The wordcloud and network plot allow me to confirm that this subreddit indeed discusses South Asian culture, hence making it a good comparison with the oral histories data. We can also see that the younger generation has concerns specific to their age group - such as with dating and relationships, a wider range of ethnic and national groups (Asians, Black people, White people, British, etc), racism (which was not in the text plots for the older generation) and even caste concerns. This gives me some idea of how the values and concerns of South Asians have changed over time, which is my first research question.

Comparing the Two Datasets

I will attempt to use str_match() to compare how many times ‘culture’ appears in the oral histories vs. Reddit data (as a proportion of the total number of tokens).

# compute proportions for reddit data.
sum(str_count(reddit_tokens, "[cC]ultur"))

[1] 8047

sum(ntoken(reddit_tokens))

[1] 2029966

# compute proportions for oral histories.
sum(str_count(oh_tokens, "[cC]ultur"))

[1] 502

sum(ntoken(oh_tokens))

[1] 206015

# test proportions.
prop.test(x = c(8047, 502), n = c(2029966, 206015), p = NULL, alternative = "two.sided", correct = TRUE)

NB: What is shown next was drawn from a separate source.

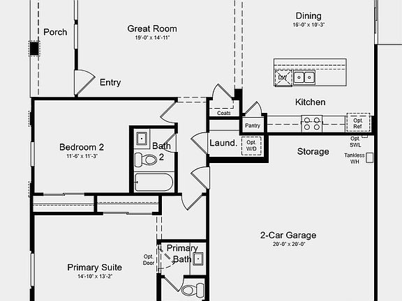 MLS# 6858716 New Construction ~ July Completion. Welcome home to the Plan CC-RM1 at Parkside—a thoughtfully designed single-story floor plan offering 1,272 sq. ft. of smart living space, 2 bedrooms, 2 bathrooms, and a 2-car garage. Step in from the front porch and enjoy a cozy great room that flows effortlessly into the dining area and a stylish kitchen, featuring 36'' upper cabinets, sleek nickel hardware, and faux wood window coverings. Upgraded light fixtures and added can lighting in the great room and primary bedroom elevate the home's ambiance. Down the hall, you'll find a full bath and secondary bedroom on one side, and the garage entry on the other. The private primary suite offers a peaceful retreat, complete with an en suite bath and walk-in closet.

    2-sample test for equality of proportions with continuity correction

data:  c(8047, 502) out of c(2029966, 206015)
X-squared = 114.16, df = 1, p-value < 2.2e-16
alternative hypothesis: two.sided
95 percent confidence interval:
 0.00129494 0.00175984
sample estimates:
     prop 1      prop 2 
0.003964106 0.002436716

# save.image("post4_saaradhaa.RData")

Interesting - the younger generation referenced culture significantly more than the older generation did.

Moving Forward

This is my tentative plan for the next two posts, which I might revise depending on time constraints.

Post 5: try Personal Values Dictionary on oral histories and Reddit data.
Post 6: do topic modelling on oral histories and Reddit data.